The presence of this DataFrame:

import pandas dates = pandas.date_range('2016-01-01', periods=5, freq='H') s = pandas.Series([0, 1, 2, 3, 4], index=dates) df = pandas.DataFrame([(1, 2, s, 8)], columns=['a', 'b', 'foo', 'bar']) df.set_index(['a', 'b'], inplace=True) df 

enter image description here

I would like to replace the Series there with a new one that would just be old, but was re-mapped until the daytime (i.e. x.resample('D').sum().dropna() ).

When I try:

 df['foo'][0] = df['foo'][0].resample('D').sum().dropna() 

This seems to work well:

enter image description here

However, I get a warning:

 SettingWithCopyWarning: A value is trying to be set on a copy of a slice from a DataFrame See the caveats in the documentation: http://pandas.pydata.org/pandas-docs/stable/indexing.html#indexing-view-versus-copy 

The question is, how do I do this?

Notes

Things I tried but don't work (oversampling or not, assignment throws an exception):

 df.iloc[0].loc['foo'] = df.iloc[0].loc['foo'] df.loc[(1, 2), 'foo'] = df.loc[(1, 2), 'foo'] df.loc[df.index[0], 'foo'] = df.loc[df.index[0], 'foo'] 
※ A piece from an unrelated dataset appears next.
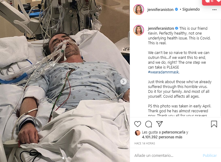 "Este es nuestro amigo Kevin. Estaba perfectamente saludable, no tenía ningún problema de salud subyacente. Esto es la Covid. Esto es real", escribía la actriz junto a la imagen. ⠀

A bit more information about the data (in case it matters):

  • A real DataFrame has more columns in a multi-index. Not all of them are necessarily integers, but generally numerical and categorical. The index is unique (i.e. there is only one row with a given index value).
  • The real DataFrame has, of course, many more rows in it (thousands).
  • A DataFrame does not have to have only two columns, and there can be more than 1 column containing the type Series. Columns usually contain rows, categorical data, and numeric data. Any single column is always the same type (numeric, categorical or serial).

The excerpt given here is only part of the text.